Compare this launch against the workflow you actually want to standardize, not just the nearest feature name.

  • JetBrains AI Assistant: the default comparison if your team wants to stay inside JetBrains without making Copilot the active agent.
  • Cursor: stronger if your team is willing to make the coding environment itself the AI-native workspace.
  • Claude Code: relevant for teams evaluating terminal-first or agentic implementation workflows.
  • OpenAI Codex: relevant where the team wants a separate coding-agent workflow tied to OpenAI models and tooling.
  • Sourcegraph Cody: relevant for teams with large-codebase search and context needs.
  • Continue: relevant for teams that care about open-source extensibility and model routing.

Final recommendation

Use this as a pilot candidate, not an automatic standard. If your team already pays for Copilot and uses JetBrains daily, test the agent picker workflow on one real issue, track credit usage, and compare the result against your current JetBrains AI Assistant or editor-agent workflow. If you are not already committed to JetBrains or Copilot, compare it first against Cursor, Claude Code, OpenAI Codex, and Continue before making the seat-price math the whole decision.

Methodology

This draft uses the KALI launch record, KALI source checks, GitHub’s official launch changelog, GitHub Copilot docs, GitHub’s official pricing page, and the JetBrains Marketplace plugin page. KALI scoring is an editorial evidence score, not a benchmark: it reflects source quality, product clarity, pricing clarity, docs availability, search potential, usefulness, YouTube potential, category importance, and internal-link potential. Claims about running commands, reasoning through projects, and iterating on multistep coding work are framed as GitHub’s stated launch capabilities unless Kingy later adds hands-on notes.

Source log

Source Type Date checked Used for
GitHub changelog Official launch source 2026-07-07 Launch date, first-class agent picker placement, supported model selection, reasoning-depth tuning, multistep work claims.
GitHub Copilot plans Official pricing 2026-07-07 Plan prices, Free plan limits, GitHub AI Credits, paid-plan usage caveats.
GitHub Copilot docs Official docs 2026-07-07 Copilot documentation context and implementation follow-up.
JetBrains Marketplace plugin page Official marketplace 2026-07-07 JetBrains plugin context.
KALI launch snapshot Proprietary KALI record 2026-07-01 KALI score, verification date, source checks, category, risk notes, and score components.

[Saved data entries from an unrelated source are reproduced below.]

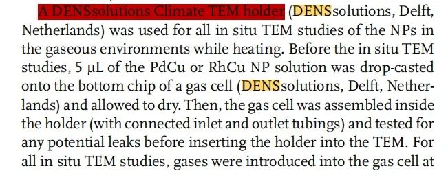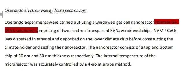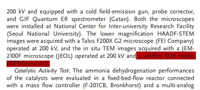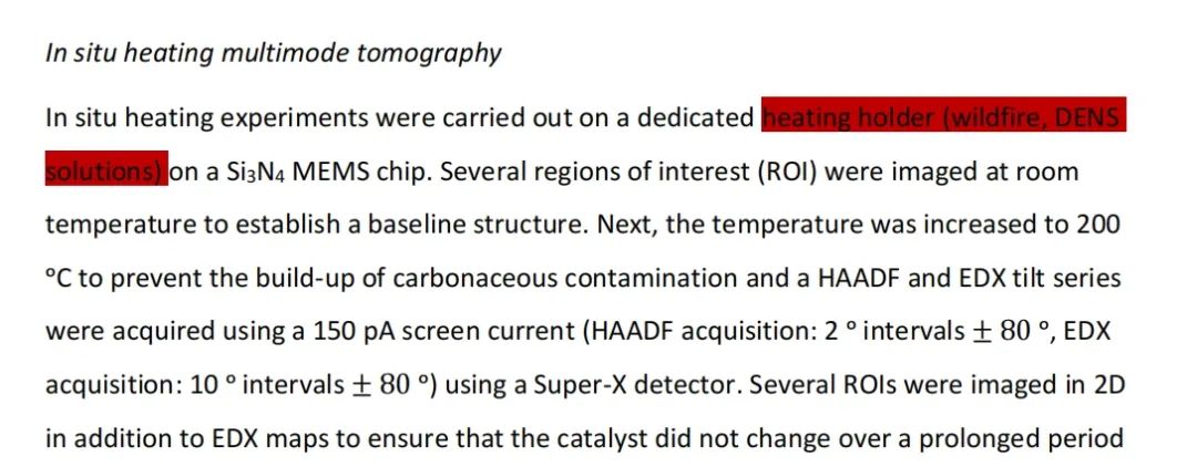 所使用的系统 - Wildfire 加热杆,Climate 气相加热杆:使用 DENS Wildfire 原位加热样品杆和 DENS Climate 原位气相加热样品杆,研究者可以观察分析样品的同时并对其进行加热和气氛处理,获得原位加热 EELS 和气相 EELS 结果,进而加深对催化剂活性位点的理解。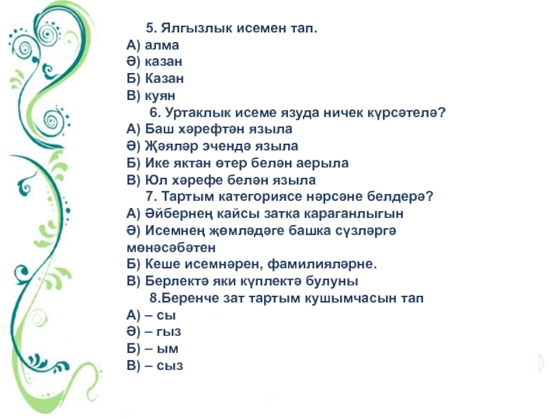 5. Ялгызлык исемен тап.А) алмаӘ) казанБ) КазанВ) куян   6. Уртаклык исеме язуда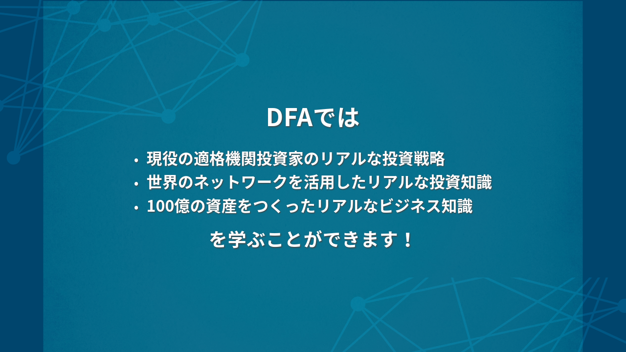 DFAでは普段市場にはでないリアルな情報や知識を学べる唯一の場所です。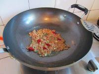 4.中火坐锅:锅热后倒适量油,油六成热后将肉末入锅炒散后放入蒜末,干辣椒继续翻炒数下。
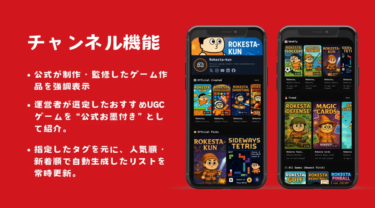 - - 公式ピックアップ: 運営者が推薦したUGCゲームを紹介し、“公式お墨付き”の信頼性を付与。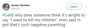 Another ranted: “Why does someone think it’s alright to say ‘I want to kill my children’, even said in jest that’s such negative parenting.”

Last verified and changelog

  • 2026-07-07: Draft revised to add human Kingy Verdict, normalized Copilot pricing, KALI evidence summary, source log, and hands-on limitation note.
  • 2026-07-07: Public proposed URL check returned 404, but authenticated WordPress duplicate-slug check is still required before publication.
  • 2026-07-01: KALI source verification completed with four official URLs checked successfully.
  • 2026-06-30: GitHub published the launch changelog for Copilot Agent in JetBrains AI Assistant.